Prosecutors say the descriptions of his condition are “uncorroborated.”


Luxury Wing


La Picota prison has been hit by repeated scandals in recent years. While some accounts describe grim, overcrowded conditions, Colombian media reports also portray wealthy inmates organizing barbecues, drinking Scotch and receiving visits from prostitutes in what they dubbed the “luxury” wing of the prison.

That appears to be the wing that Isaza Tuzman wants to get moved to. He has enlisted the support of U.S. officials in Colombia to relocate to the “R-Sur” section, according to his lawyers and prosecutors. That unit, reserved mostly for Colombian officials charged with public corruption, boasts home decoration, down comforters, flat-screen televisions, as well as pool tables and a full gym, according to prosecutors.

Colombian prison officials rejected the move because Isaza Tuzman didn’t qualify, prosecutors said. Instead, they offered a transfer to what his lawyers said was a “snitch cell” -- an area for inmates cooperating with authorities that they said would make him vulnerable to harm. He was also offered relocation to Combita, another prison that defense lawyers say is more dangerous and not as accessible to his Bogota counsel. The lawyers said they declined both offers.

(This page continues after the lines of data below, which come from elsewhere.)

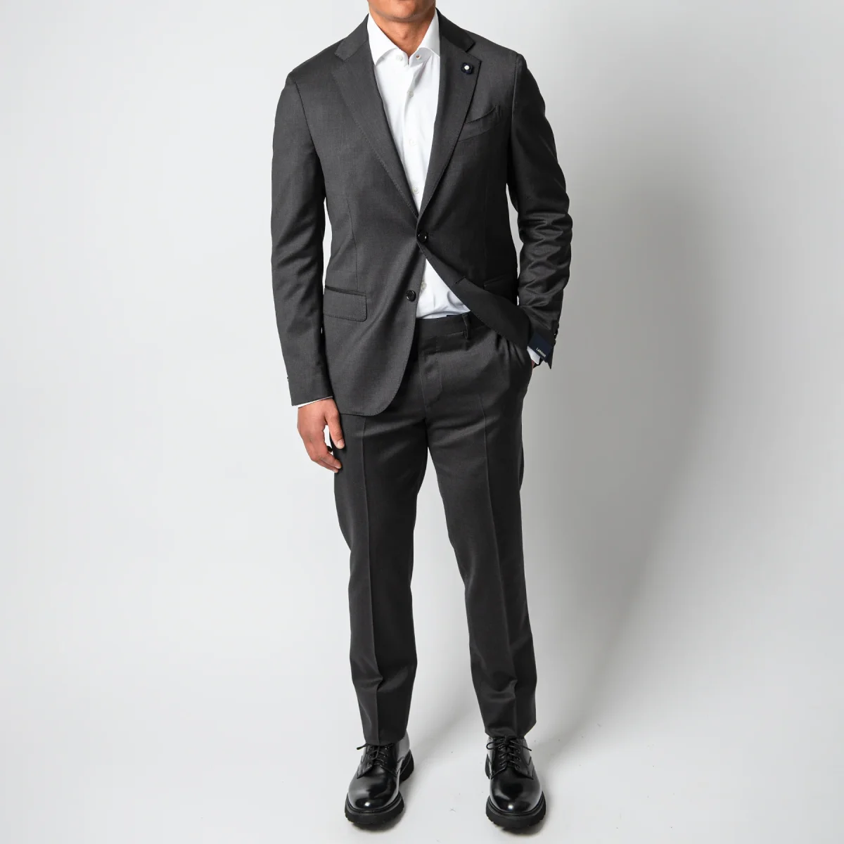 • En kostym uppsydd av italienska proffsen hos Lardini.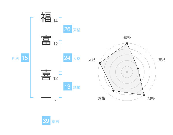 福富 喜一さんの総格は39画の5点!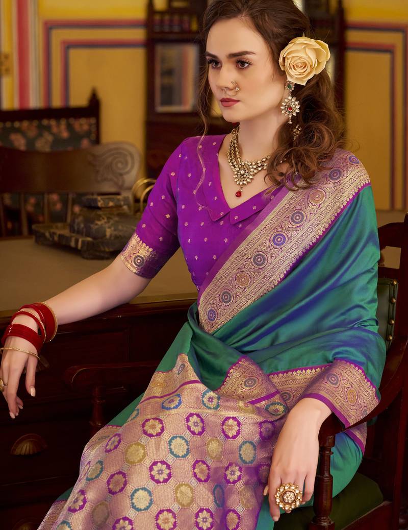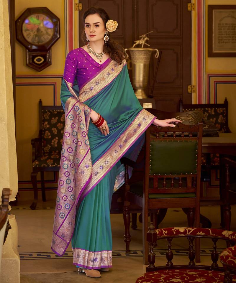 | Product Name | Teal Soft Silk Blend Woven Saree With Unstitched Blouse Piece | |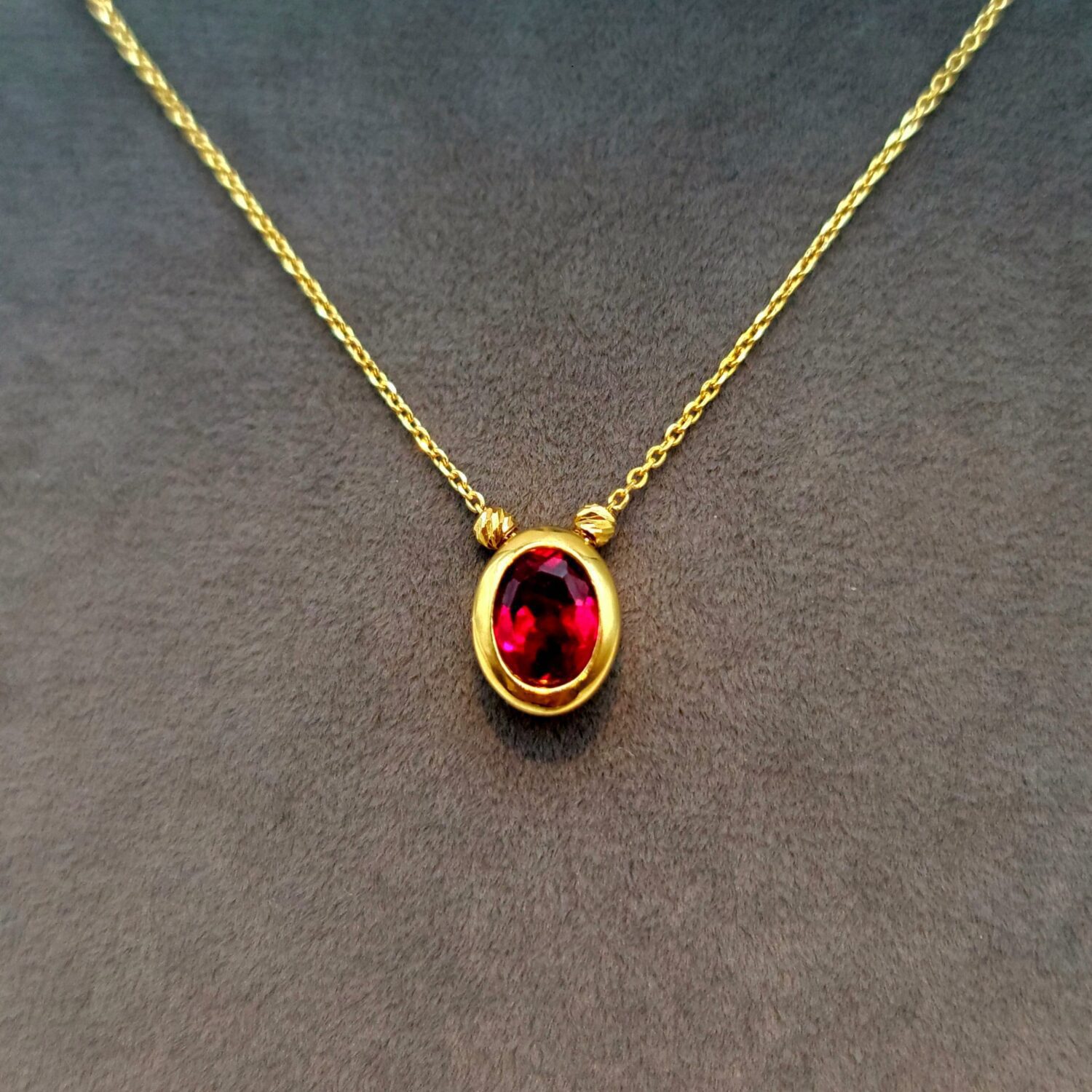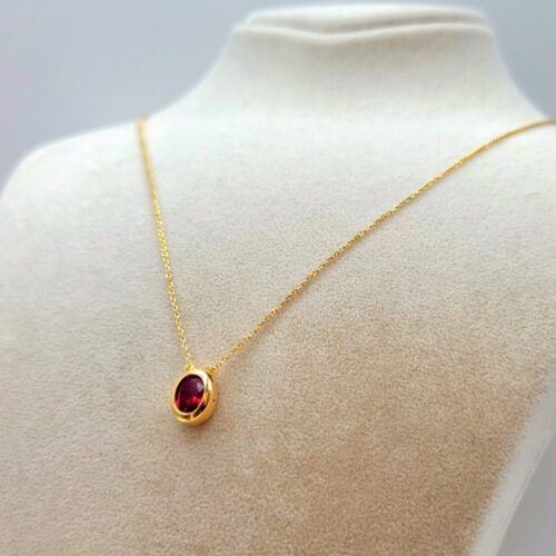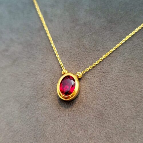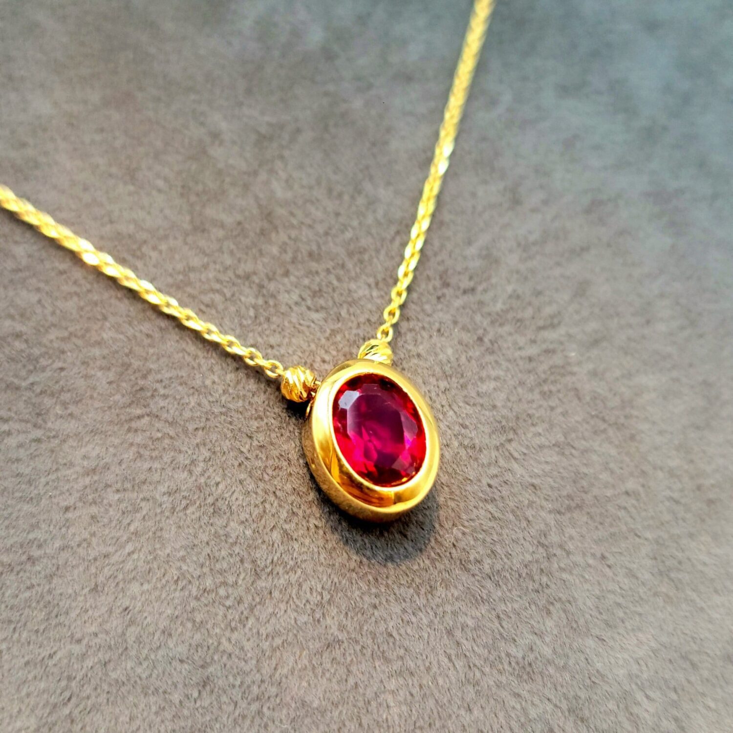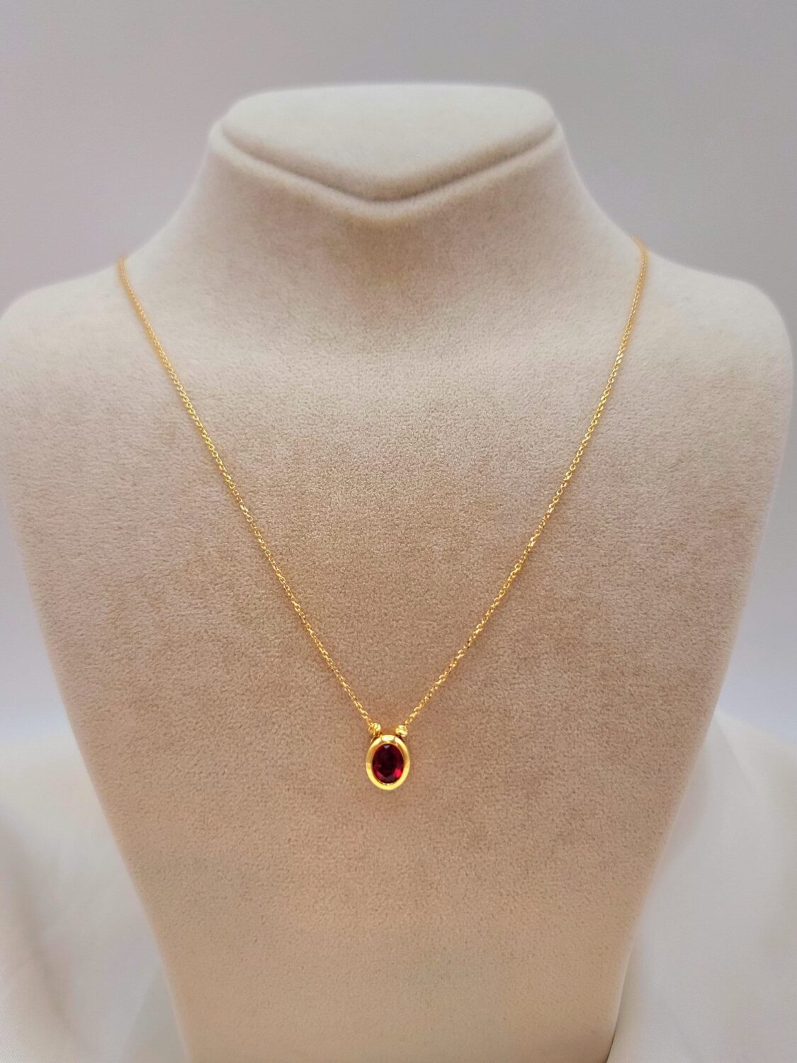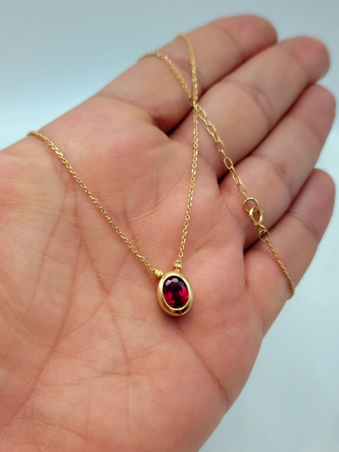 18K Solid Gold Diamond-cut Cubic Zirconia Charm Necklace, 18K Solid Gold Cable Chain, Oval Shape Red Stone Charm Necklace, Anniversary, Christmas Gift for Her/Mom!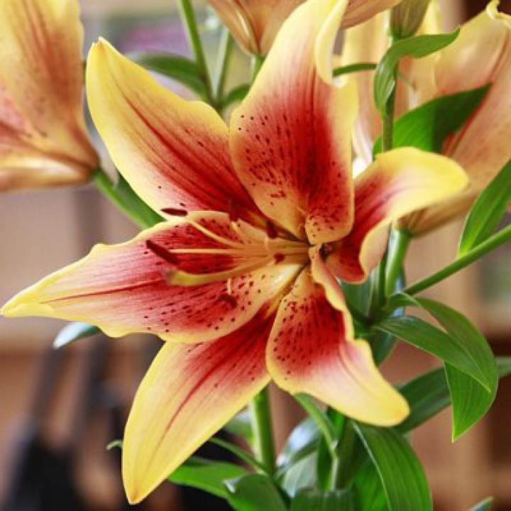 Высота растения 110 см. Оранжево-красные цветки с бордовым крапом приобретают наиболее яркую и нарядную расцветку на солнечных участках. Они хорошо стоят в срезке и обладают приятным ароматом. Цветет этот сорт в июле-августе. Выращивание оа-гибрида не доставит особых хлопот. Важно учесть, что Лилия ОА-гибрид Фест Краун не любит излишней влажности.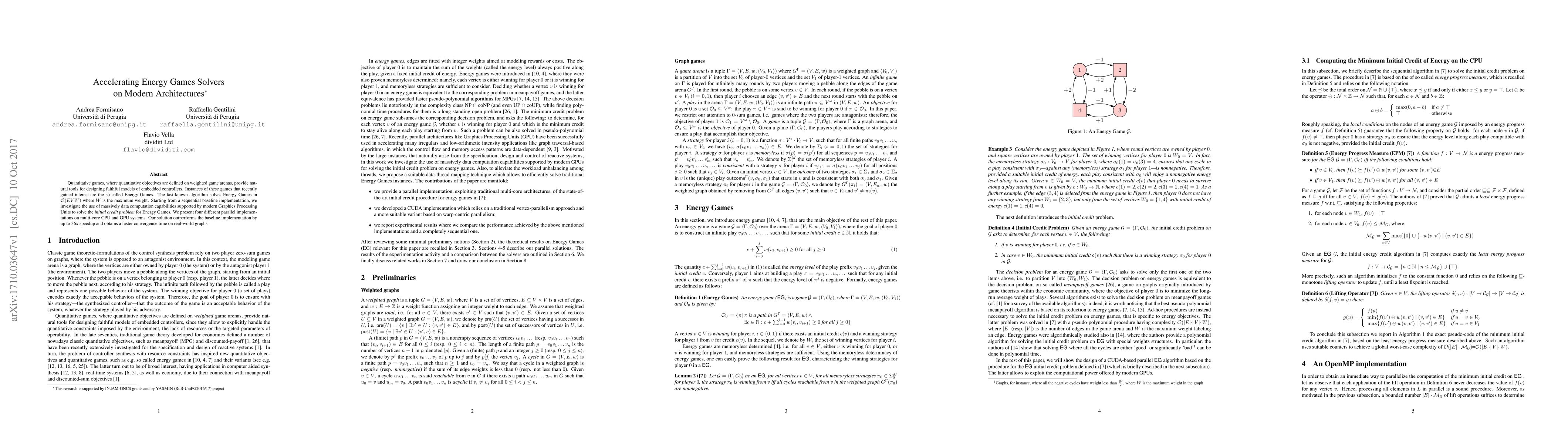 Quantitative games, where quantitative objectives are defined on weighted game arenas, provide natural tools for designing faithful models of embedded controllers. Instances of these games that recently gained interest are the so called Energy Games. The fast-known algorithm solves Energy Games in O(EVW) where W is the maximum weight. Starting from a sequential baseline implementation, we investigate the use of massively data computation capabilities supported by modern Graphics Processing Units to solve the `initial credit problem' for Energy Games. We present four different parallel implementations on multi-core CPU and GPU systems. Our solution outperforms the baseline implementation by up to 36x speedup and obtains a faster convergence time on real-world graphs.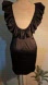 Chic black dress with a daring backless design. Features elegant ruffles. Ideal for stylish evenings.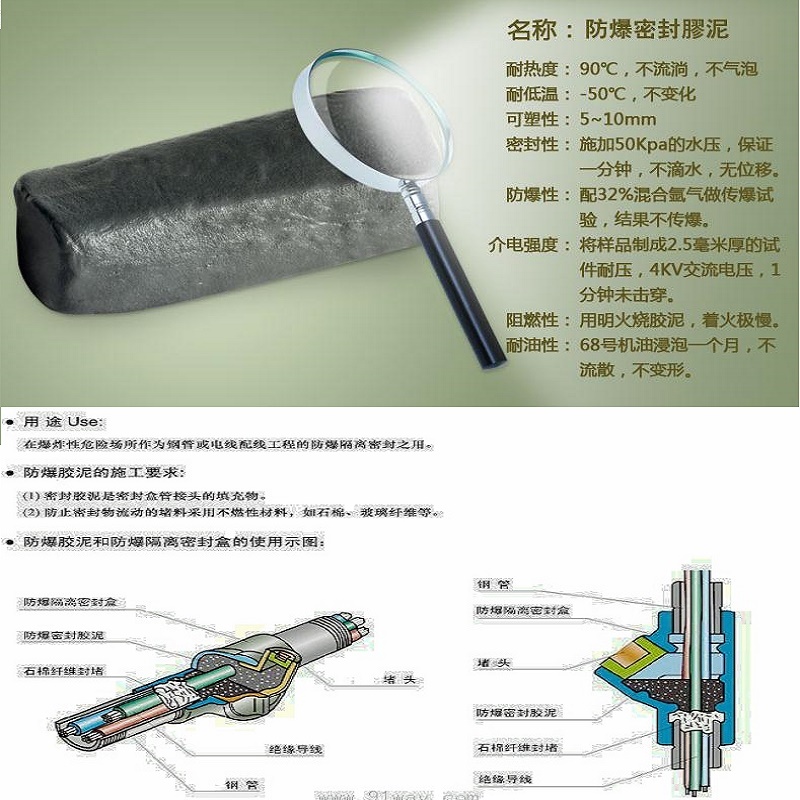 FBN-A型防爆胶泥采用多种高分子聚合物,添加剂,增塑剂等经过特殊工艺配置而成,是一种深黑色,无溶剂(无味),环保,对人体无害的无规则外型的胶泥状物。广泛应用于国防、石油,化工,加油站,变电站,危险性仓库及其它方面的危险场所,作为钢管或电缆配线工程的防爆隔离密封之用。在性危险场所作为钢管或电线配线工程的防爆隔离密封之用,可用来包导线,接头,电缆,管材,地线等,防止火灾。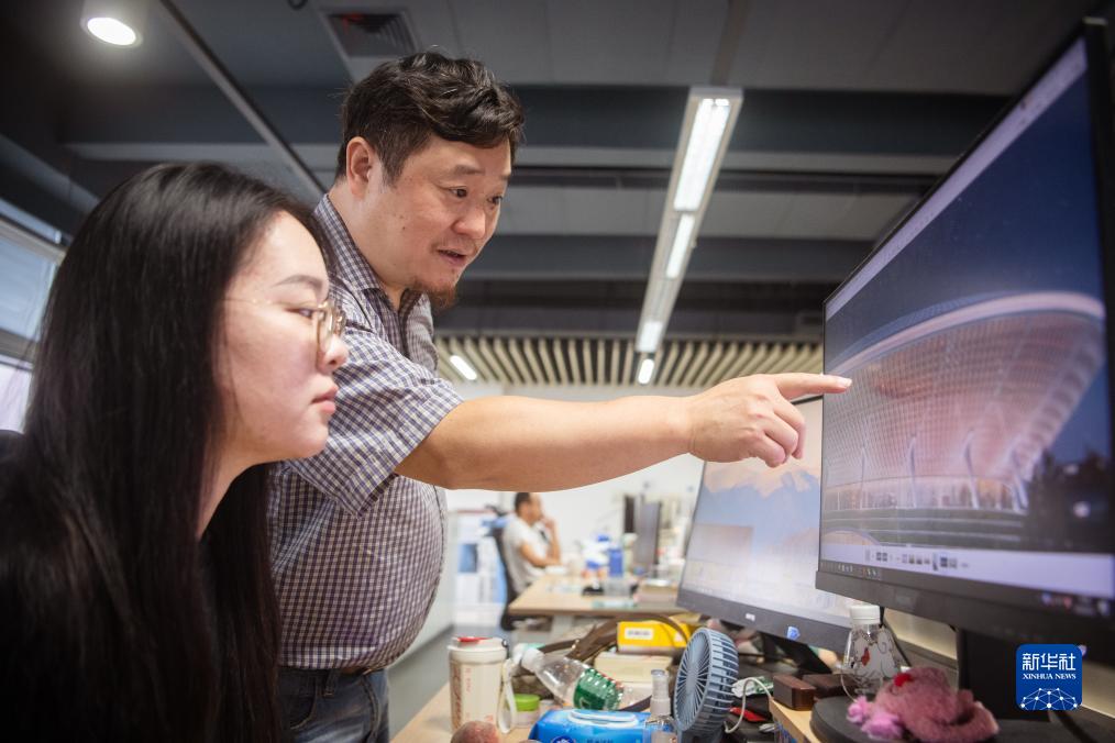 9月12日,在武漢中南建筑設計院總部,唐文勝(右)與同事交流中部非洲文化藝術(shù)中心設計方案。新華社記者 伍志尊 攝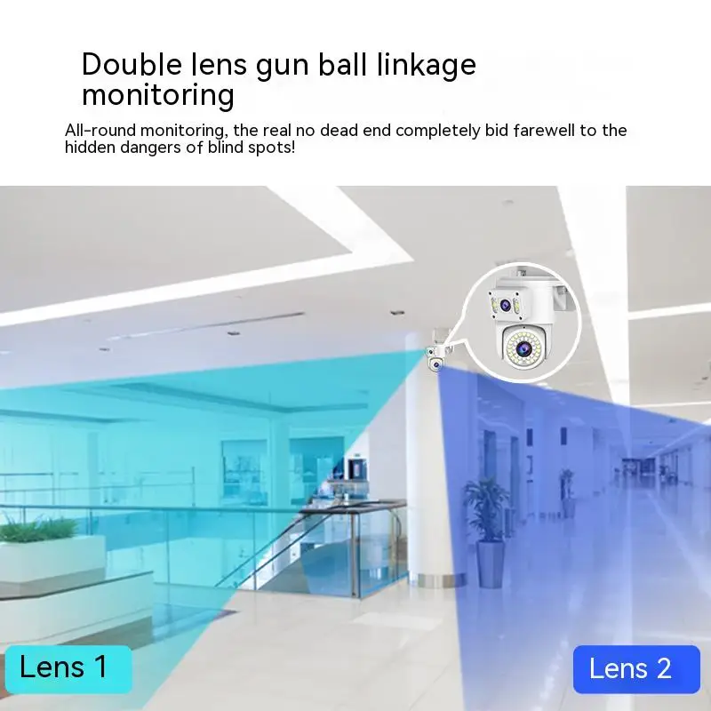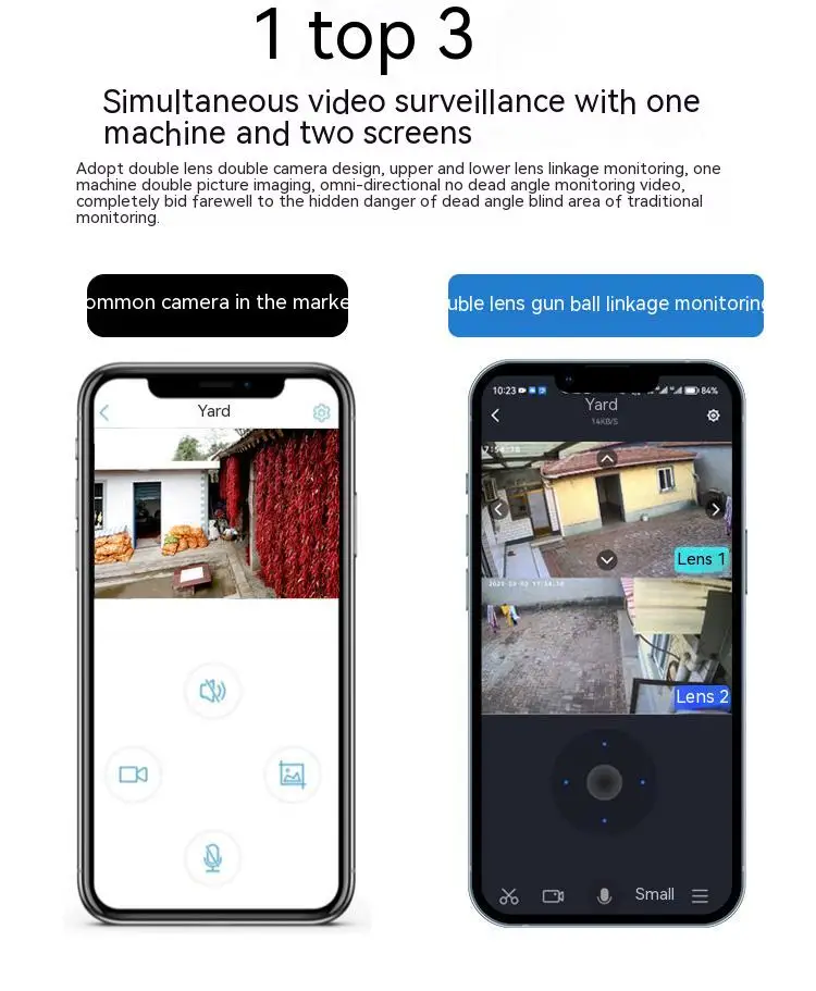 2. Pantalla dual de sensor dual de tres lentes, ultra gran angular + zoom de 10x para lograr un monitoreo claro desde lejos y cerca;

Looking haggard and wearing a brown tweed suit and speaking in Spanish, Isaza Tuzman appeared in a courtyard of La Picota in a recent interview with “Los Informantes,” a weekly Colombian television news program.

“Why would a U.S. federal prosecutor arrest me in Colombia when he could have knocked on my door in New York?” Isaza Tuzman said. “I was not hiding in Colombia.”